● **Task data**:
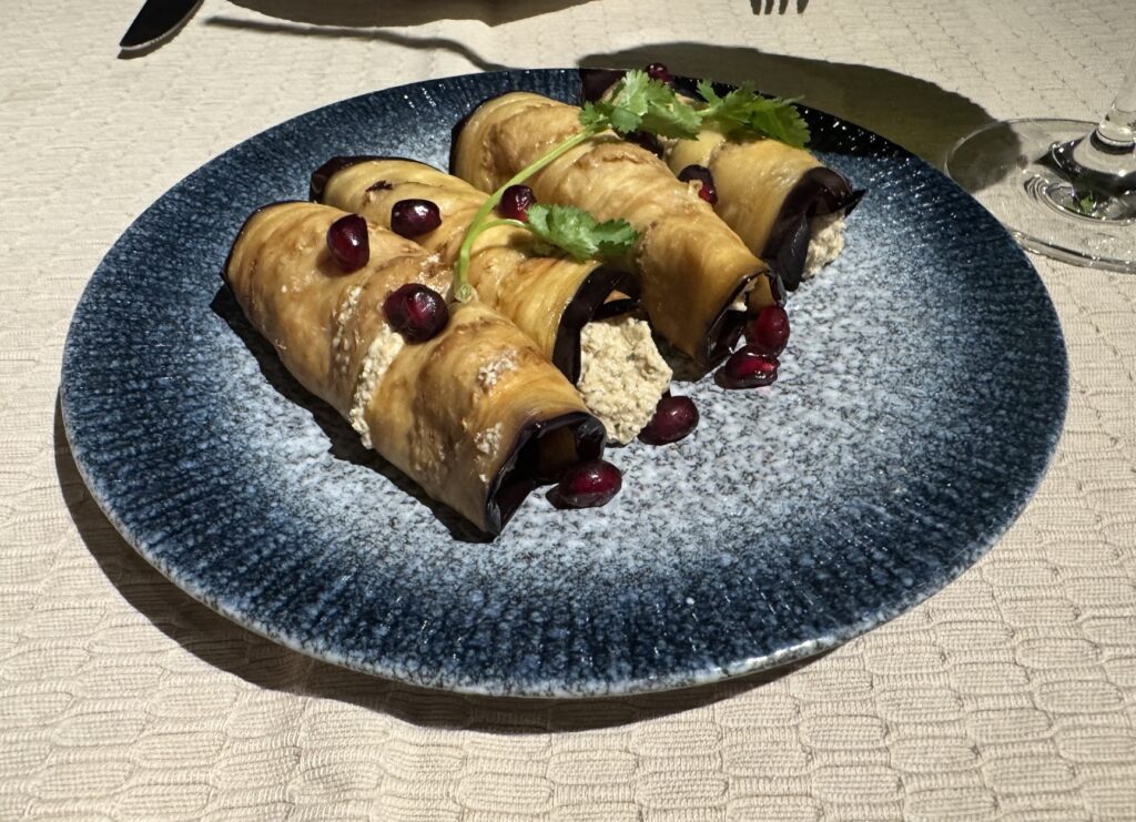 薄切りにしたナスを焼き、中にクルミをベースにした濃厚なペーストを詰めた冷菜。
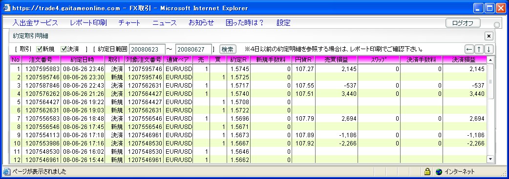 6トレード(投資資金20,000円、レバレッジ200、ユーロドル限定取引です。)
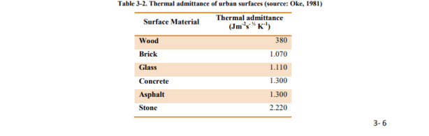 - alta capacidad calorífica de las superficies urbanas (Oke, 1995 y Ca et al., 1998) (Chang, et al., 2007).
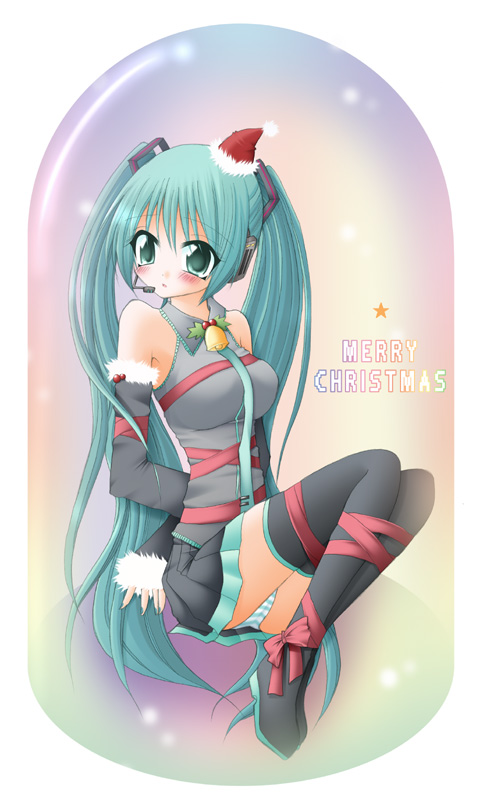 1girlaqua eyesaqua hairbdsmbellbondageboundchristmasdetached sleevesfemale focushatheadsethollylong hairnecktiepantiespantyshotribbonribbon bondagesanta hatskirtsolostriped clothesstriped pantiesthighhighstwintailsunderwearupskirtvery long hair
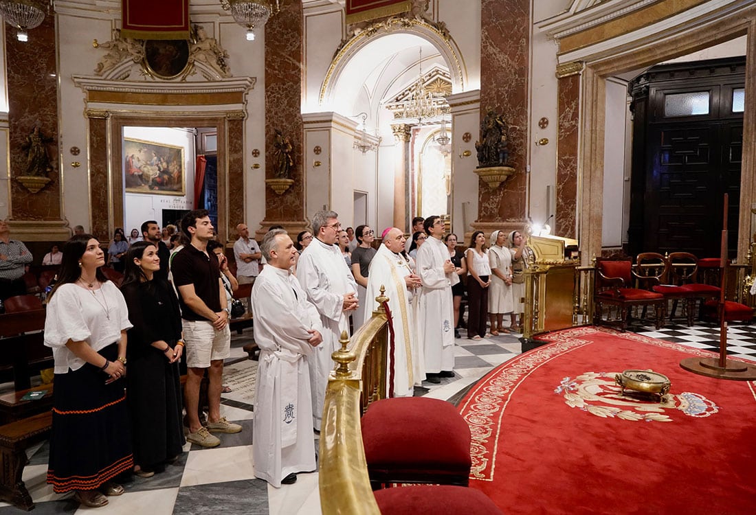 La Basílica de la Virgen de los Desamparados acogió ayer, viernes, una vigilia de oración para jóvenes, presidida por el arzobispo de Valencia, monseñor Enrique Benavent.
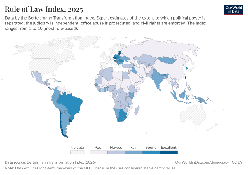 “Data Page: Rule of Law Index”, part of the following publication: Bastian Herre, Lucas Rodés-Guirao, and Esteban Ortiz-Ospina (2013) - “Democracy”. Data adapted from Bertelsmann Transformation Index. Retrieved from https://search-sync-local-query.owid.pages.dev/grapher/rule-of-law-index-bti [online resource]How to cite this data
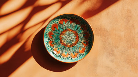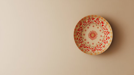 A beautifully crafted traditional plate rests against a vibrant red and orange background, featuring intricate designs that reflect cultural artistry and craftsmanship.
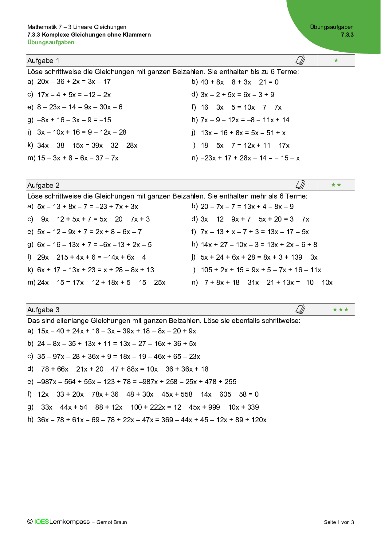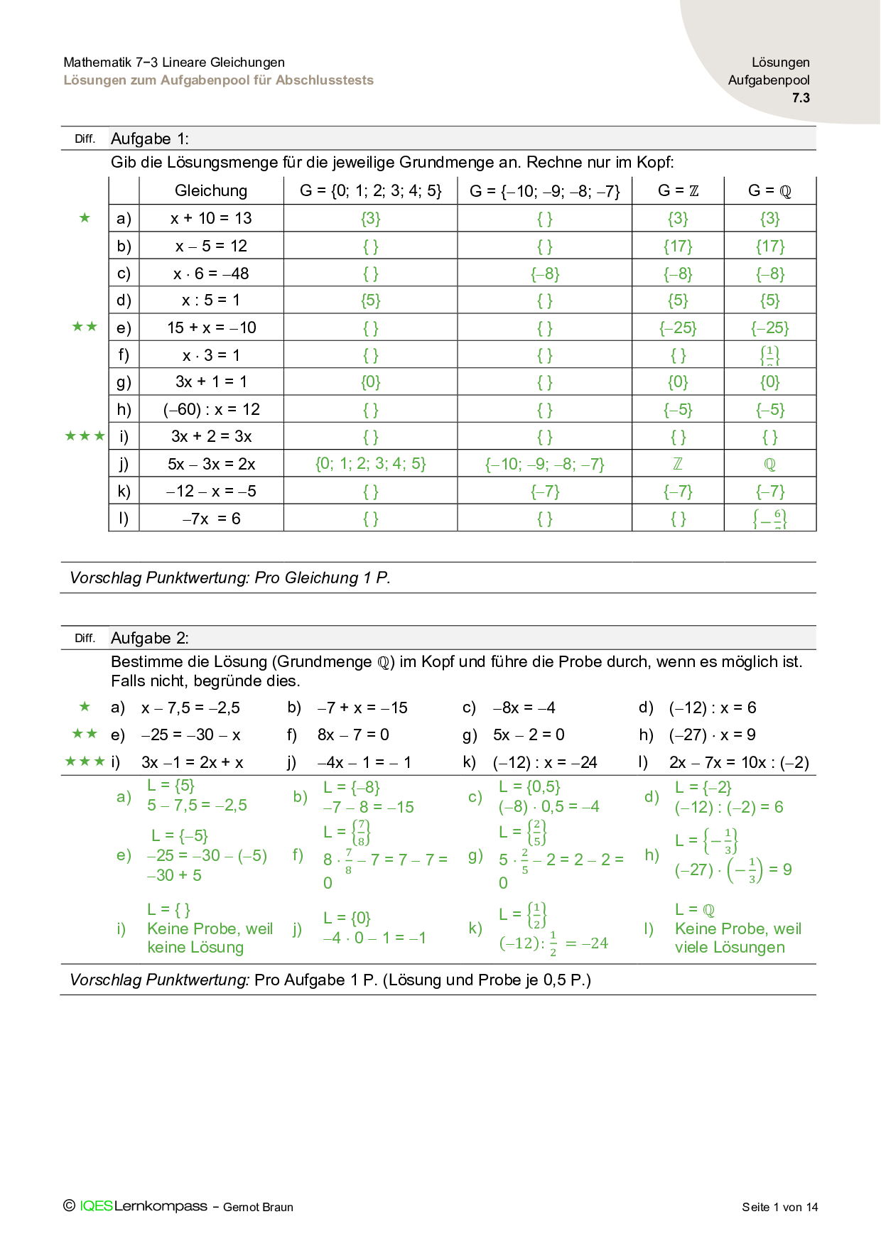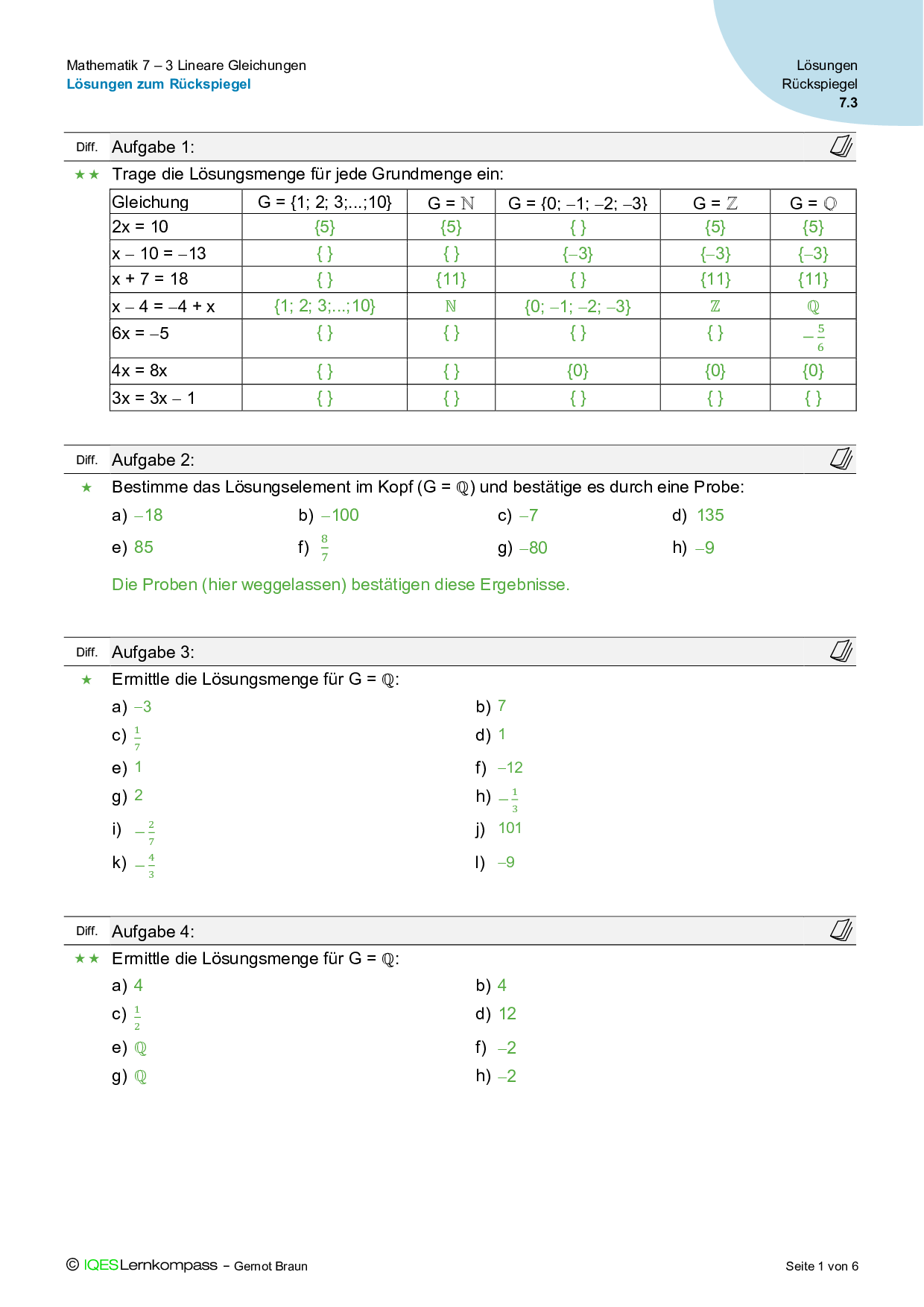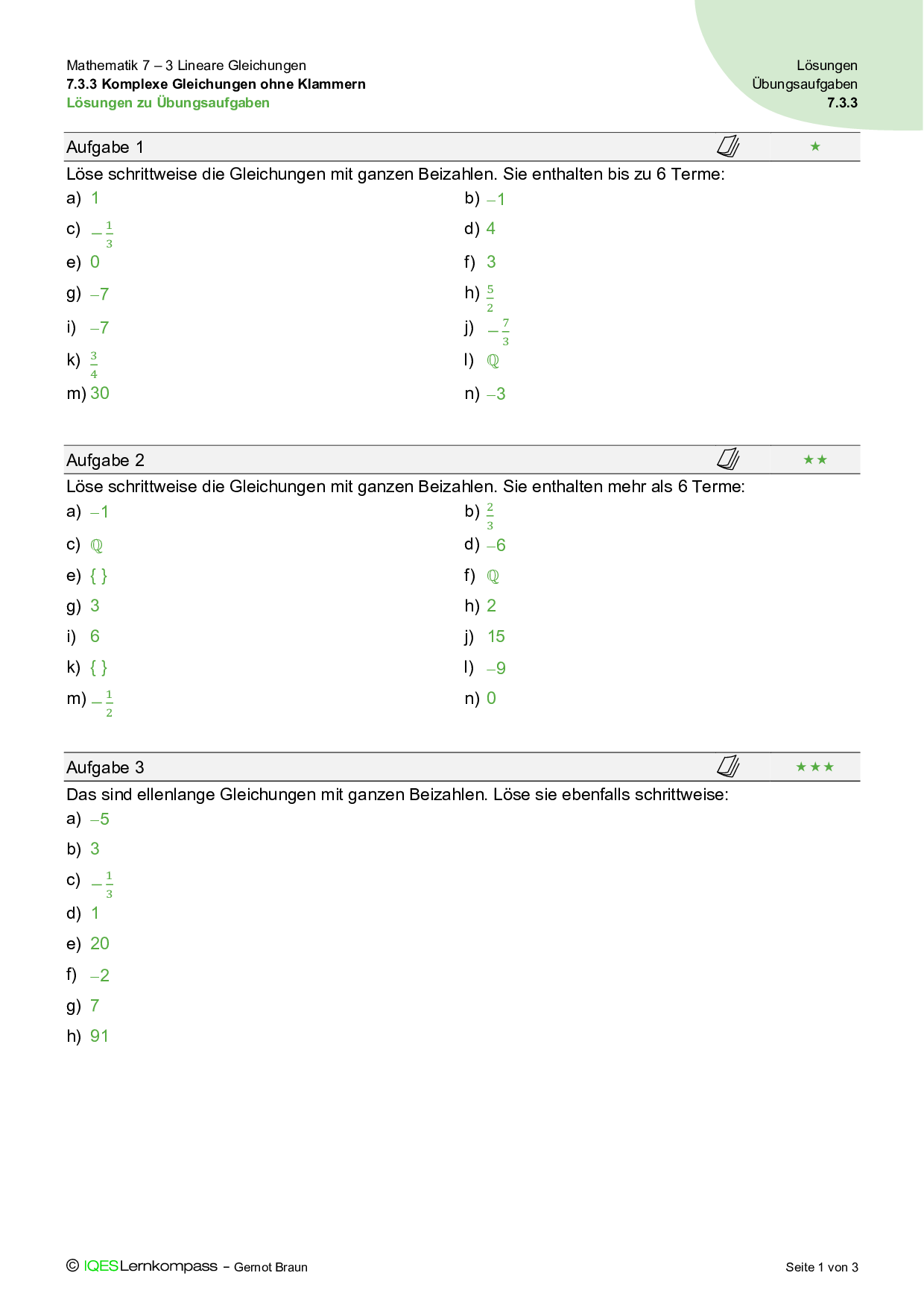 7.3 Lineare Gleichungen – Lösungen zum Lerntest C
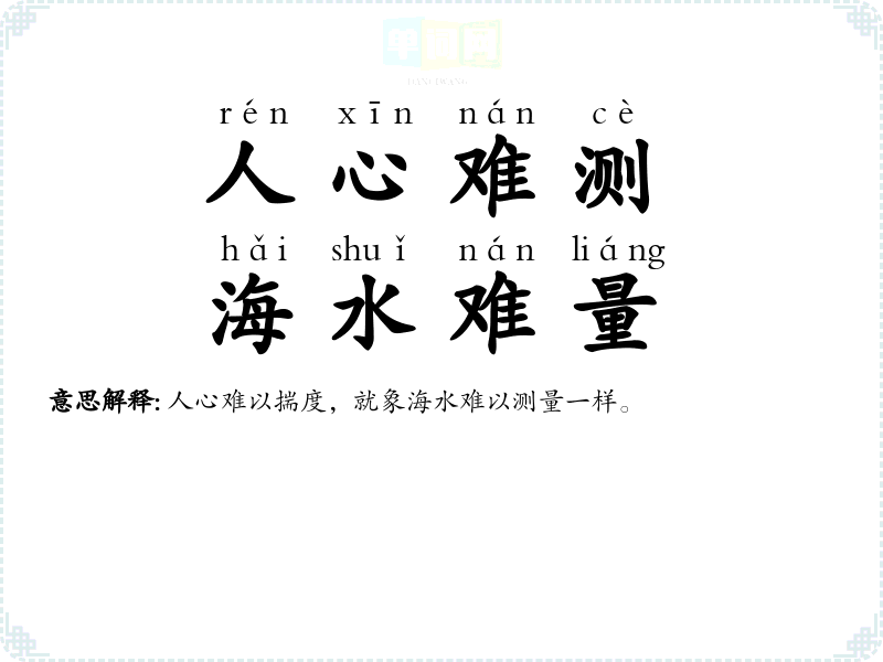 | 人心难测,海水难量 | 人心难以揣度,就象海水难以测量一样。 |
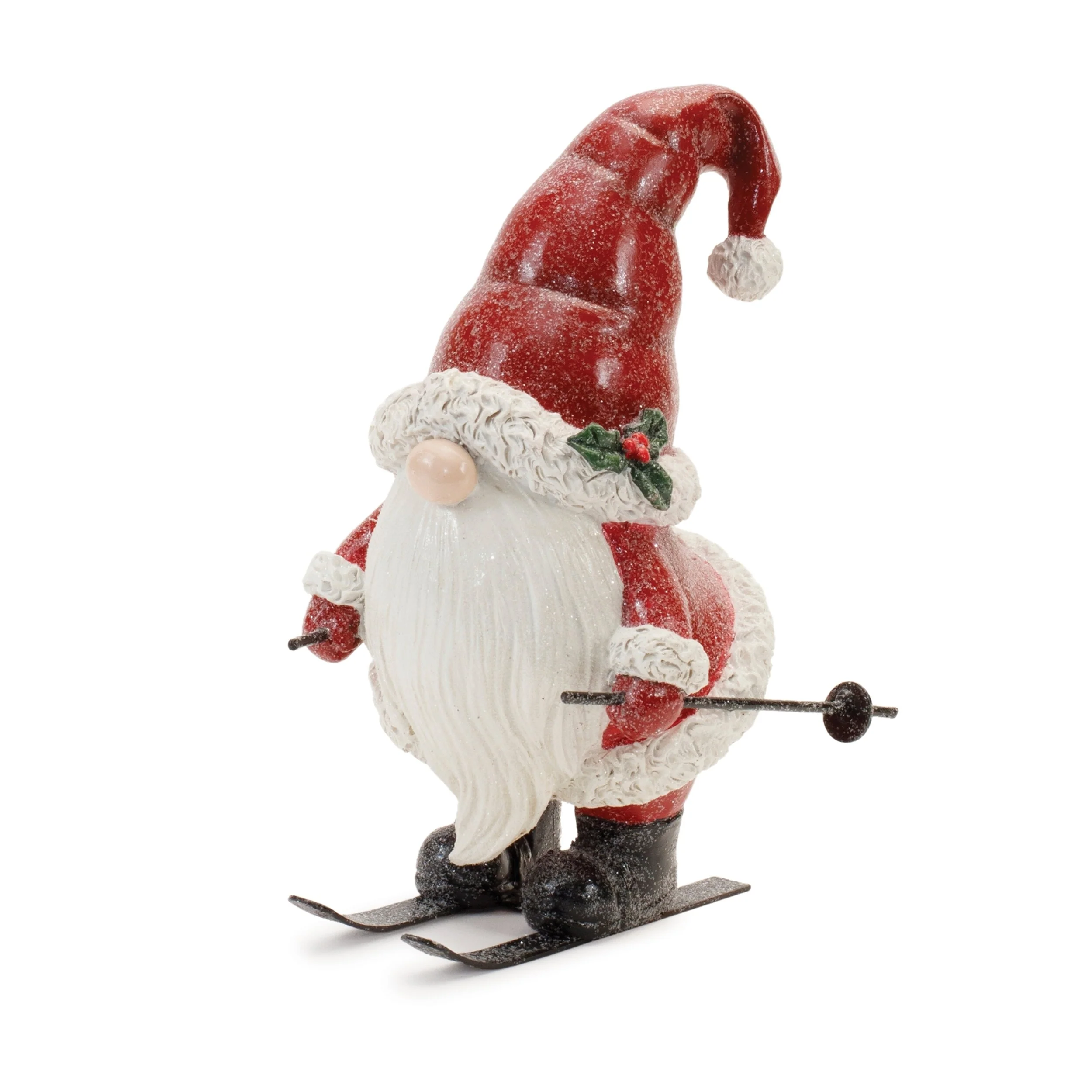 Bring a festive and playful charm to your holiday decor with this delightful Santa on Skis and Skates set. Featuring two unique designs, this set is perfect for creating a cheerful atmosphere in your cabin lodge or adding a traditional touch to your home decor. The vibrant red and white tones, combined with wintery glitter accents and ski and ice skate details, make these figurines an eye-catching addition to any mantel, bookshelf, or holiday display. Crafted from polyresin and metal, this set is designed to last for many seasons. Whether placed as part of your seasonal display or gifted to a ski enthusiast, these figurines add a fun, festive flair to any room.
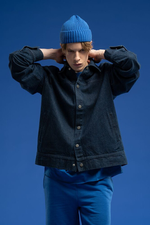 Джинсовая куртка унисекс на кнопках свободной посадки.

● **Exercise prompt**: Without the pictures, please reproduce each line of the listing above exactly, from the first one through the line bearing "- alta capacidad".

● **Solution**:
 薄切りにしたナスを焼き、中にクルミをベースにした濃厚なペーストを詰めた冷菜。
 6トレード(投資資金20,000円、レバレッジ200、ユーロドル限定取引です。)
 - alta capacidad calorífica de las superficies urbanas (Oke, 1995 y Ca et al., 1998) (Chang, et al., 2007).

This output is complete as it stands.